• Exercise data:
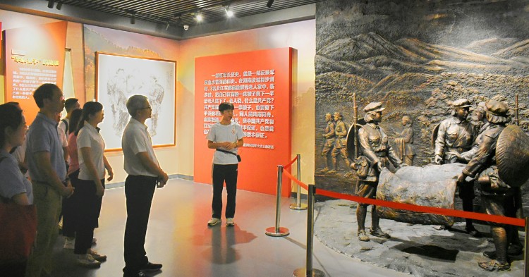 实践队师生在“半条被子的温暖”专题陈列馆参观学习
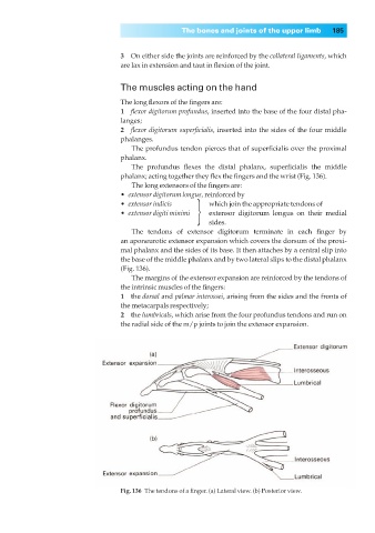 Fig. 136◊The tendons of a finger. (a) Lateral view. (b) Posterior view.
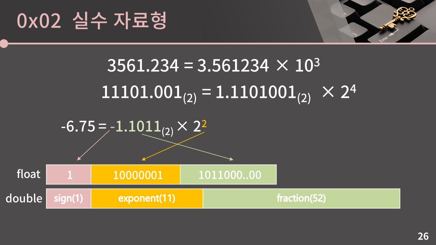 그 다음으로는 2진수에서의 과학적 표기법을 이해해야 합니다. 저희가 10진수에서 편의를 위해 3561.234 = 3.561234 × 103 으로 나타내는 것 처럼 2진수에서도 11101.001(2) = 1.1101001(2) × 24 으로 나타낼 수 있습니다.
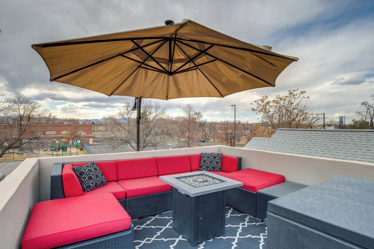 Pet Friendly w/ Fee | 2 Dedicated Workspaces | Home Theater | Mountain & City View Your ultimate stay with family and friends awaits at this vacation rental in Denver! Fire up the grill for a BBQ while your pup roams the fenced front yard. After catching a game at Ball Arena or exploring the Denver Art Museum, return to the modern 3-bed, 3.5-bath duplex for a movie or board game night. Plus, with scooter rentals available right outside the home, getting around the city has never been easier! -- THE PROPERTY -- 2025-BFN-0001173 SLEEPING ARRANGEMENTS - Bedroom Suite 1: 1 king bed - Bedroom 2: 1 queen bed - Bedroom 3: 1 bunk bed (full/full), 1 queen Murphy bed - Theater Room: 2 full sleeper sofas OUTDOOR LIVING - Rooftop deck, gas fire pit, lounge seating, umbrella - En-suite deck w/ turf & seating (access via bedroom suite 1) - Covered patio, gas grill (propane provided), 2-person outdoor dining area - Fenced front yard w/ maintenance-free turf INDOOR LIVING - Smart TVs w/ Roku, Sonos sound system - Gas fireplace - Board games - Dining table, breakfast bar - 2 private desks - 2 en-suite bathrooms, walk-in closet - 2 dedicated workspaces KITCHEN - Fully equipped kitchen w/ double ovens, 6-burner gas stove & large pantry - Refrigerator, dishwasher - Microwave, toaster oven, food processor - Keurig coffee maker (starter coffee & sugar provided) - Dishware/flatware, cooking basics - Trash bags/paper towels GENERAL - Free Fiber Optic WiFi (1GB) - Central air conditioning/heat, ceiling fan - Linens/towels, hair dryer - Washer/dryer, laundry detergent, iron/board - Keyless entry - Dog bowls provided FAQ - 6 exterior security cameras (facing out) - Pet fee (paid pre-trip) - Quiet hours (10:00 PM-8:00 AM) ACCESSIBILITY - 3-story unit, 2 steps to enter - All bedrooms & full bathrooms on upper & lower levels PARKING - Street parking (parking pass provided) -- THE LOCATION -- - Walk to bus stop & 10th / Osage Station - 0.8 miles to Metropolitan State University of Denver - 1 mile to Denver Art Museum, Colorado Convention Center, Civic Center Park - 2 miles to Coors Field, Empower Field at Mile High & Downtown Aquarium - 3 miles to River North Art District - 4 miles to Denver Zoo - 23 miles to Denver International Airport -- REST EASY WITH US -- Evolve makes it easy to find and book properties you’ll never want to leave. You can relax knowing that our properties will always be ready for you and that we’ll answer the phone 24/7. Even better, if anything is off about your stay, we’ll make it right. You can count on our homes and our people to make you feel welcome — because we know what vacation means to you. -- POLICIES -- - No smoking - Pet friendly w/ $100 fee (+ fees & taxes, dogs only, 2 max) - No events, parties, or large gatherings - Must be at least 25 years old to book - Additional fees and taxes may apply - Photo ID may be required upon check-in - Please observe quiet hours from 10:00 PM to 8:00 AM ADDITIONAL INFORMATION - This 3-story unit requires 2 steps to enter. All bedrooms and full bathrooms are located on the upper and lower levels - Street parking is limited to 1 hour Monday through Saturday between 8:00 AM and 6:00 PM. The provided parking pass exempts guests from this time limit. There are also side streets that do not have 1-hour parking restrictions - Your safety matters. This property features 6 exterior security cameras: 1 camera is located on the front patio facing the patio, 1 camera is located in the doorbell facing the front entrance, 2 cameras are located at the side walkway facing the walkway, 1 camera is located on the rooftop deck facing the deck, and 1 camera is located in the alley facing the alley. The cameras are outward facing and do not look into interior spaces. The cameras will continuously record video and sound while guests are in residence Our prices include all fees. No hidden fees.
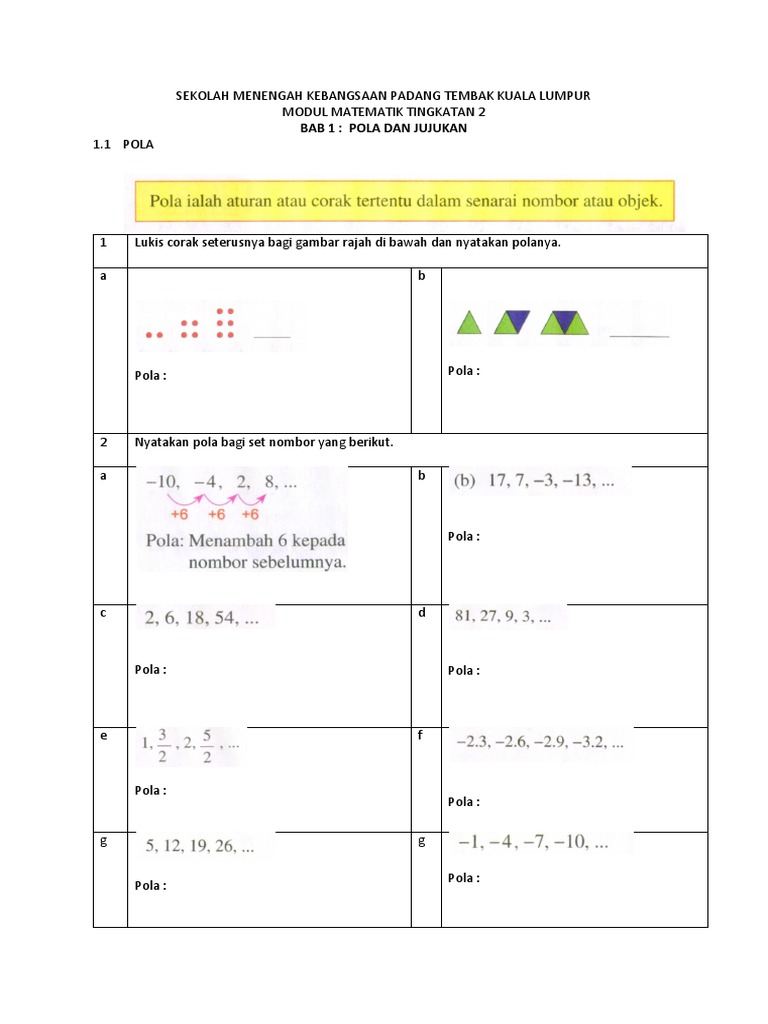 Latihan matematik tingkatan 2 bab 1 pola dan jujukan. Pola dan jujukan pola nombor dan urutannya pola corak berulang 1 pola bagi jujukan nombor menggambarkan hubungan antara nombor nombor dalam suatu urutan. Pola dan jujukan duration. To play this quiz please finish editing it.
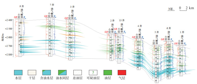 3.2 阿克若尔构造带岩性油气藏特征阿克若尔构造带位于滨里海盆地东缘的东部成藏带,呈NE向狭长状,东西宽6~12 km,南北长126 km,面积约1 100 km2,地层起伏小,构造平缓。阿克若尔构造带储层纵横向非均质性强,以薄层为主,无统一油水界面,油层多为薄层,在横向上呈分散分布,纵向上呈多层叠置分布,对比性和连续性均较差。阿克若尔构造带油藏受岩性控制明显,油层、干层、水层短距离交替分布,如2井与13井距离仅为2.19 km,但这2口井可见多处薄油层向北尖灭,至13井变为干层;6井与1井距离为4.22 km,6井KT-Ⅱ油层组底部为厚层状水层,而向北至1井,变为薄层状干层或水层(图 5)。

• Activity: Please print the lines exactly, from the top of the material through the line with "그 다음으로는 2진수에서의", and omit the pictures.

• Answer to the exercise:
 实践队师生在“半条被子的温暖”专题陈列馆参观学习
 Fig. 136◊The tendons of a finger. (a) Lateral view. (b) Posterior view.
 그 다음으로는 2진수에서의 과학적 표기법을 이해해야 합니다. 저희가 10진수에서 편의를 위해 3561.234 = 3.561234 × 103 으로 나타내는 것 처럼 2진수에서도 11101.001(2) = 1.1101001(2) × 24 으로 나타낼 수 있습니다.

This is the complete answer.